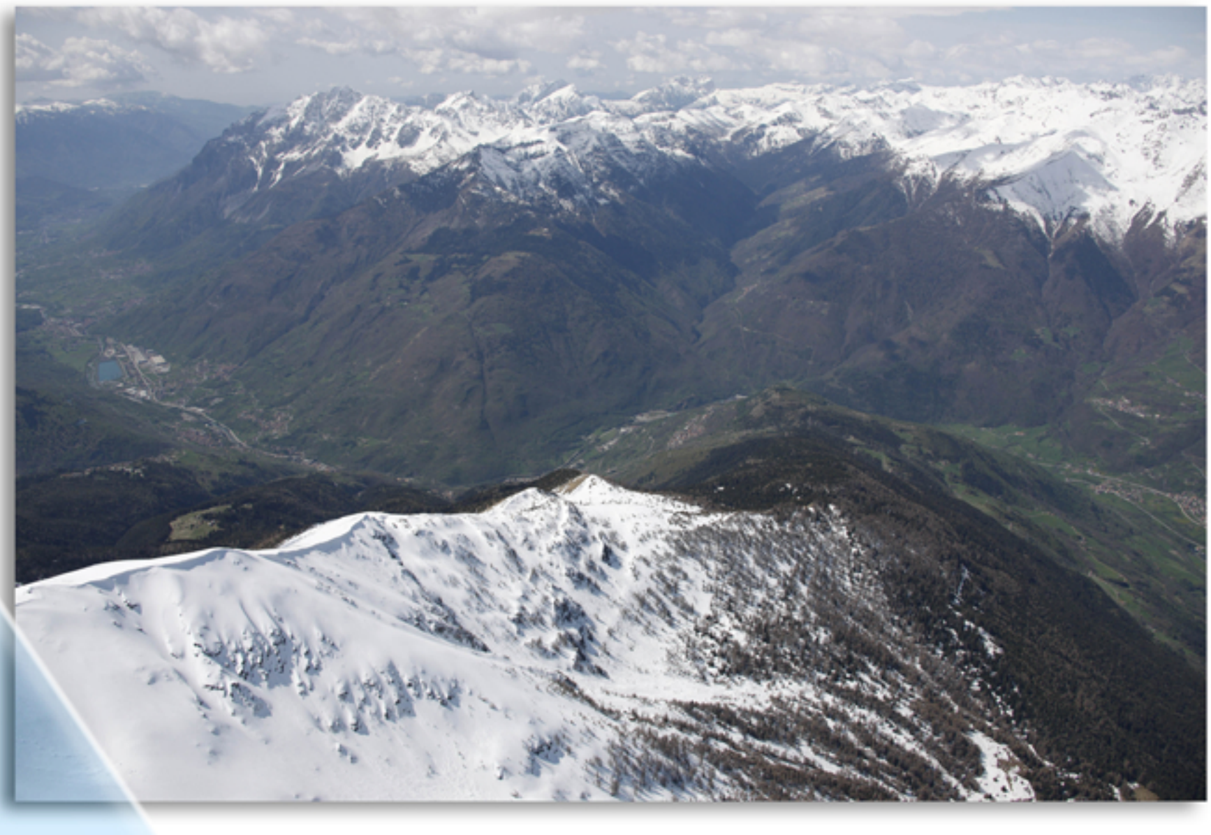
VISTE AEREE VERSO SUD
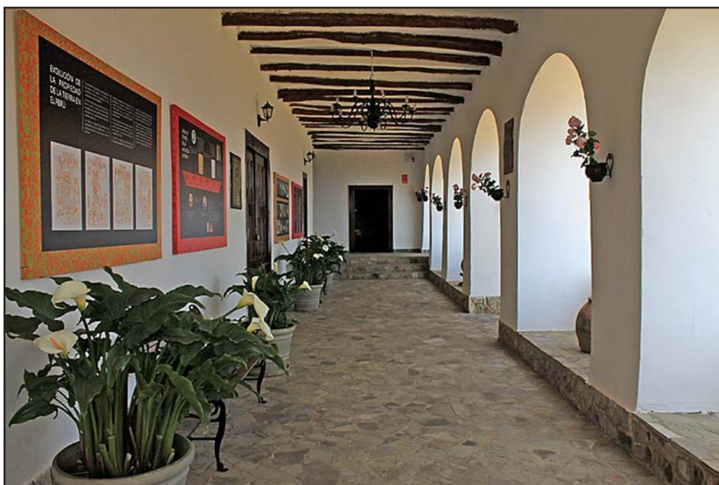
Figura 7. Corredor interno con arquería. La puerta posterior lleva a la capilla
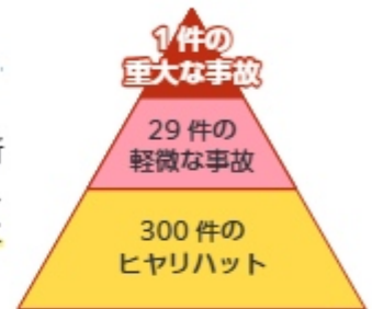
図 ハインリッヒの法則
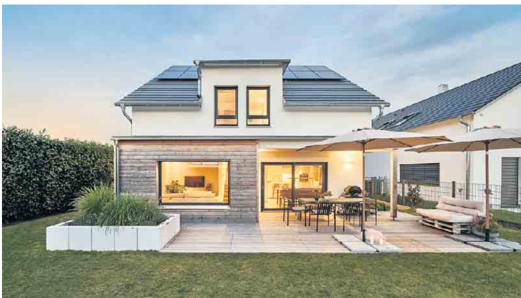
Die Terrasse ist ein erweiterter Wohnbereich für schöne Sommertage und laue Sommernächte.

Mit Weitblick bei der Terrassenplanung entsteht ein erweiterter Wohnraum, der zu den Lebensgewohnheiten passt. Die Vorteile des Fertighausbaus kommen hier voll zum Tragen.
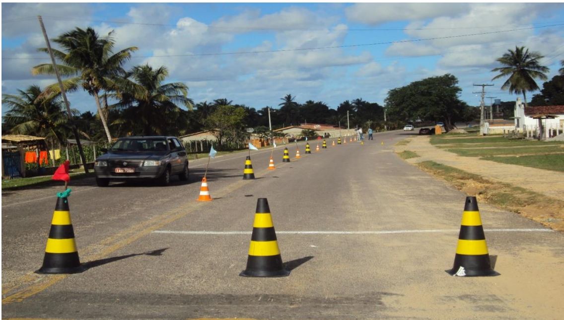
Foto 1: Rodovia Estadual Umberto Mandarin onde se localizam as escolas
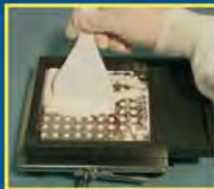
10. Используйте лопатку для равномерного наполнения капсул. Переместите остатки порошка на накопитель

==*==

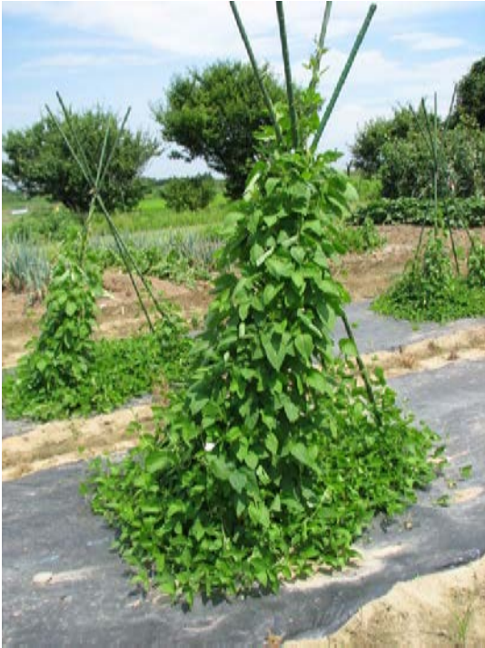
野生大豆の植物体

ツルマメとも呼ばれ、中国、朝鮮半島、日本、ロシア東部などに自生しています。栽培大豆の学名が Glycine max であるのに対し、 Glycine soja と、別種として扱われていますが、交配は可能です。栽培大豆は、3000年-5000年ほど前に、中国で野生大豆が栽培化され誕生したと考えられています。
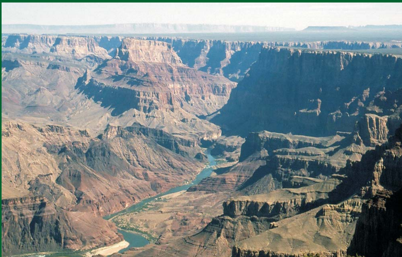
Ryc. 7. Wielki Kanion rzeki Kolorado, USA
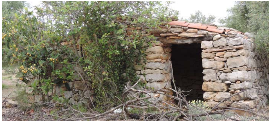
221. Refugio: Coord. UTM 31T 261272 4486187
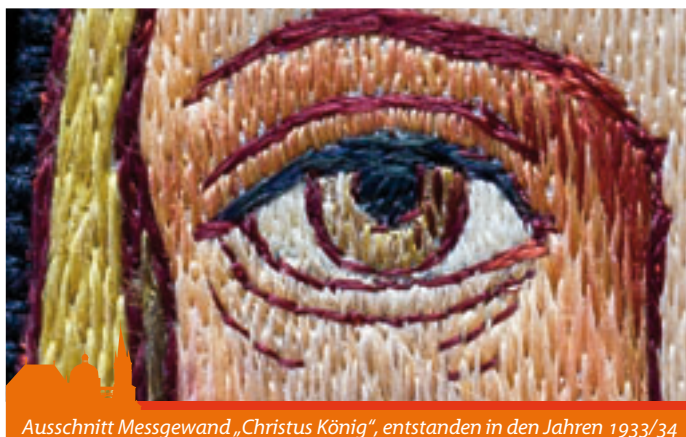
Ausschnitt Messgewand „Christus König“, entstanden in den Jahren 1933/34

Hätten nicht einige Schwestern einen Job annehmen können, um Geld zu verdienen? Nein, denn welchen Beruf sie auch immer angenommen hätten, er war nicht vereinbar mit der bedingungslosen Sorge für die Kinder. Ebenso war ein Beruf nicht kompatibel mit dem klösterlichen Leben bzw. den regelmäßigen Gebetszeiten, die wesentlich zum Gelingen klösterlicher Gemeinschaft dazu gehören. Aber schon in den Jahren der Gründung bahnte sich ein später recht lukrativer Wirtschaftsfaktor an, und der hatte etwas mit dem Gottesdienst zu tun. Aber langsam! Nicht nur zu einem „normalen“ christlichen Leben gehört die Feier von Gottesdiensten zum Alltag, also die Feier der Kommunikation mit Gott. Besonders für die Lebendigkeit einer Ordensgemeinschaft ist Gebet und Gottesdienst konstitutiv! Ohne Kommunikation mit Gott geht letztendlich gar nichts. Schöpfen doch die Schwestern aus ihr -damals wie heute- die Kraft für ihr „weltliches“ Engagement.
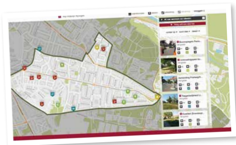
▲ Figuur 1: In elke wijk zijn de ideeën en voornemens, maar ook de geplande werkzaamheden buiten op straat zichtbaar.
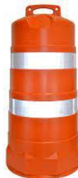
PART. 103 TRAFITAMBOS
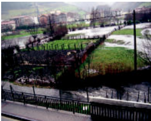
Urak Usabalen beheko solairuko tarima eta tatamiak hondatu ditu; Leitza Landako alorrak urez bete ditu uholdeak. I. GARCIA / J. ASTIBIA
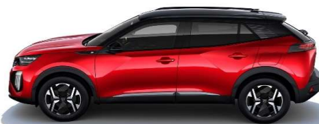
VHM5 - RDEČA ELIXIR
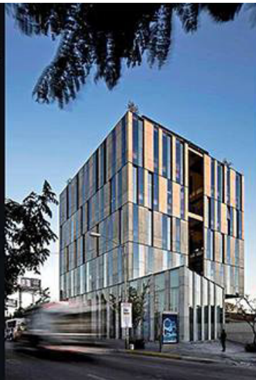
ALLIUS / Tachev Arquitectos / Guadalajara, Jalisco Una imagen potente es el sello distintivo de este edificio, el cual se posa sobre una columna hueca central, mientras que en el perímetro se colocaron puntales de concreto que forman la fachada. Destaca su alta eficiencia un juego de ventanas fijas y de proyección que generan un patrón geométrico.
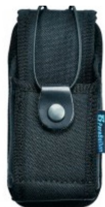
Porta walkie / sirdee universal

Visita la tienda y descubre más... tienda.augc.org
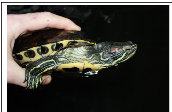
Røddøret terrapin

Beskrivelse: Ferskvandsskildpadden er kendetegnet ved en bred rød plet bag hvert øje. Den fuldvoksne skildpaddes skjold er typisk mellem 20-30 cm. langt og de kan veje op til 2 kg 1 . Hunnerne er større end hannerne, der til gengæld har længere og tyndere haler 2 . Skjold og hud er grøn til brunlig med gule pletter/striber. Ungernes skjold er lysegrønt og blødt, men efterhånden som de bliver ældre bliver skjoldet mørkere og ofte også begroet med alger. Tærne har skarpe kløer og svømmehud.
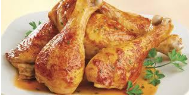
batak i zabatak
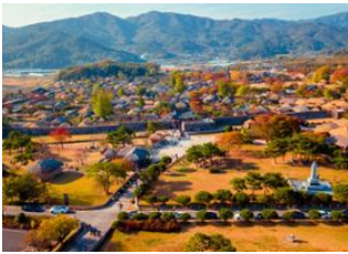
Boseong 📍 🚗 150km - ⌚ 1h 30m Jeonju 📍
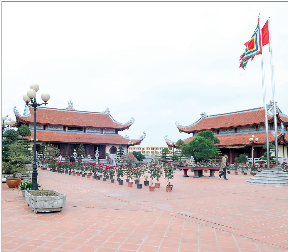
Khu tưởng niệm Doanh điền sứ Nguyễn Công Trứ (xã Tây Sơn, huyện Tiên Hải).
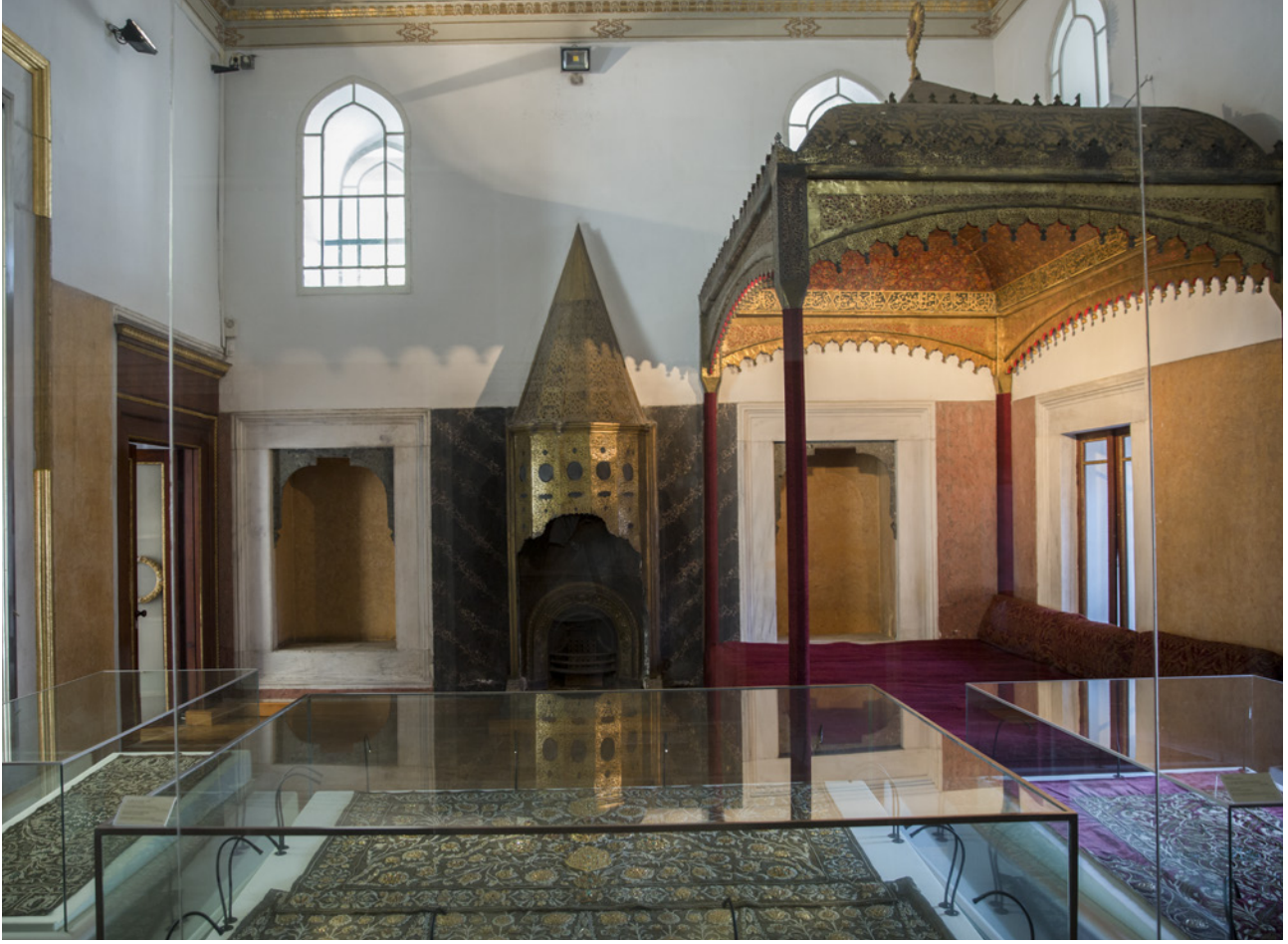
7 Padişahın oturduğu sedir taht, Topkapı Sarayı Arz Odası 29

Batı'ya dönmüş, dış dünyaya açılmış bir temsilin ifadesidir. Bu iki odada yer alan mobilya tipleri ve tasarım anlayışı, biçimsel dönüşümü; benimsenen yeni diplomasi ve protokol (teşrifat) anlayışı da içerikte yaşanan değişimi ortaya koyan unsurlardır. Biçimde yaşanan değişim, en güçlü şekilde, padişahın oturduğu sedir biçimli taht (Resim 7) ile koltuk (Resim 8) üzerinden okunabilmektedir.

==*==

Search the material above for the string "erweiterter". Show every line that holds it.

Die Terrasse ist ein erweiterter Wohnbereich für schöne Sommertage und laue Sommernächte.
Mit Weitblick bei der Terrassenplanung entsteht ein erweiterter Wohnraum, der zu den Lebensgewohnheiten passt. Die Vorteile des Fertighausbaus kommen hier voll zum Tragen.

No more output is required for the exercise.